To maintain my sanity, whenever I hear someone talk about curing diabetes I keep two things in the back of my mind:
Firstly, for as long as I can remember, a cure for diabetes has always been 10 years away.
Secondly, the press will generally announce a cure for my diabetes once a week, usually based on some shaky evidence involving a 3 day trial on a diabetic mouse and a meerkat where they weren’t given any insulin and then they were run over by a truck, thereby proving that they lived without insulin for 3 days and didn’t die of diabetes.
However, despite the word cure making me a little sceptical, I’m interested in what’s going on out there to try and make up for the ineptitude of my pesky pancreas.
Diatribe (who do a very nice monthly newsletter focussed around research and product developments in diabetes) have produced a 153 page epic on the progress being made towards curing type 1 diabetes. I tend to find these sort of things are written with a distinct bias towards favouring particular areas with the aim of increasing research funds into a particular technique, or are overly optimistic without addressing the realities of life with diabetes.
This is different. Kelly Close and her team have broken down the four main areas of diabetes research into a cure for Type 1 and looked at them with a realistic eye. They look at immune therapeutics, islet and pancreas transplantation, beta cell regeneration and the artificial pancreas. They’ve been clear about where things are blue sky ideas that may come to something in a few decades, and where things are actually a realistic possibility.

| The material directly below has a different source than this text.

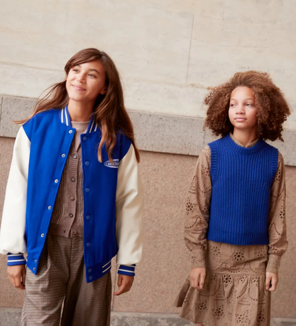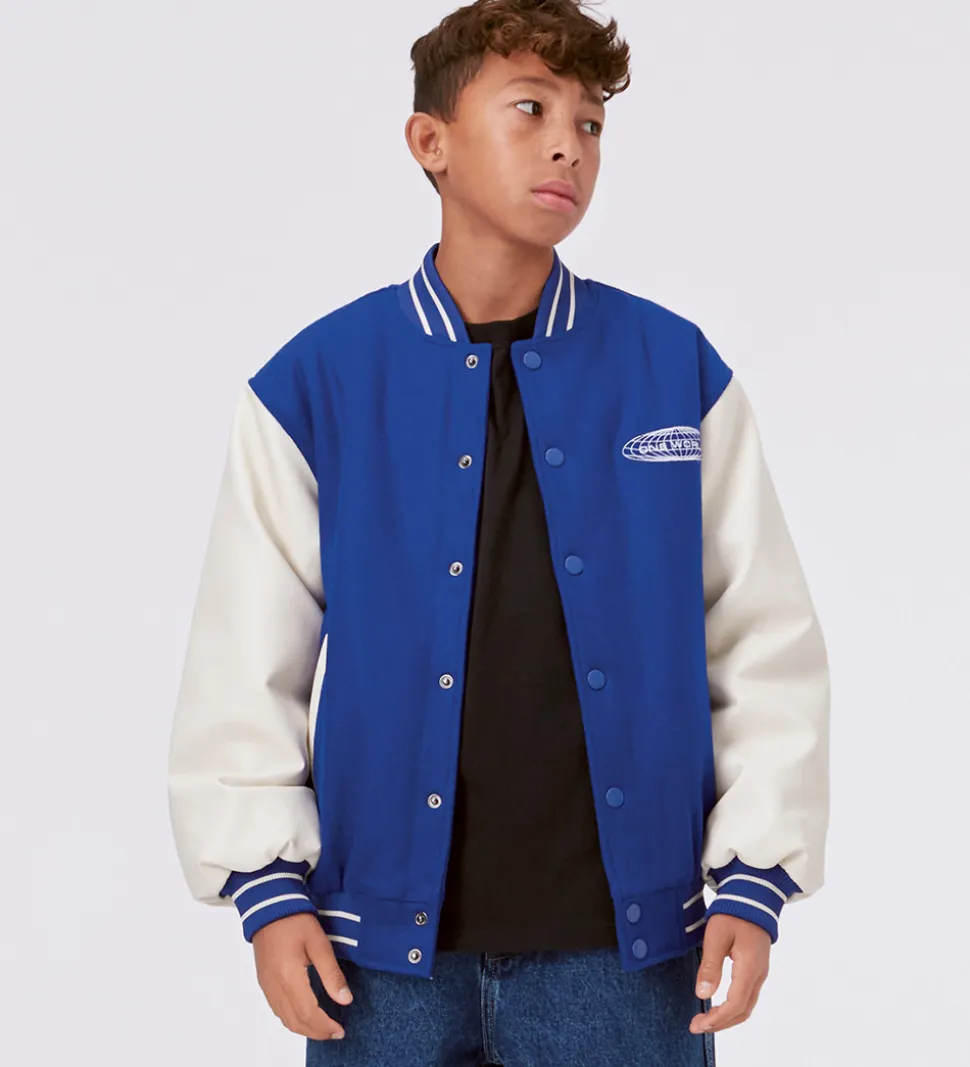 Sej Molo jakke i blå med et broderet cirkelprint på venstre bryst samt med hvide ærmer i imiteret læder.

The report is pretty easy to read and gave me the best understanding I’ve had for a long time about what’s really going on in the world of Type 1 research. To download a free copy of the report, you just need to join the diatribe mailing list – www.diatribe.us/cure. This is the best overview of research into Type 1 I can ever remember seeing, it’s definitely worth a read.
Great article- shame about the meerkat tho!
One copy downloaded and transferred to my shiny new Kindle to read (I don’t know why I mentioned the Kindle actually. Well I do, I like gadgets. Simple as that!)
I just got a Kindle too. It’s luurvley. But I havent yet progressed to downloading pdfs to go on it. I must give it a go, now you’ve mentioned it….
You can email them directly to [your user name]@free.kindle.com – works a treat. Ohh, ohh, keep an eye on http://www.stripykat.com – funky new Kindle cases coming soon!
How did I turn discussion on Alison’s article into a plug for my wife’s website in so few comments? Good work, me!
I do not have a kindle, but I do have an ipad. Have been thoroughly enjoying it since OH gave tit to me as my 30th wedding anniversary present. He knew technology would please me more than yucky roses. I will read it when I have the time!
Actually, he gave ‘IT’ to me. Not tit. I’m sure you knew this, but thought I’d better make that extra clear.
Well this just hit my inbox from the IEEE this morning (sorry for the url shortener):
http://bit.ly/nPx748
I think I read a similar article by snail mail newsletter when I was first diagnosed all those years ago so I’m not holding my breath!
@furrypaul Ah glucose reading tattoos, the one tattoo I would consider having. They’ve been at this for decades, but I suppose if they keep trying they might get there one day.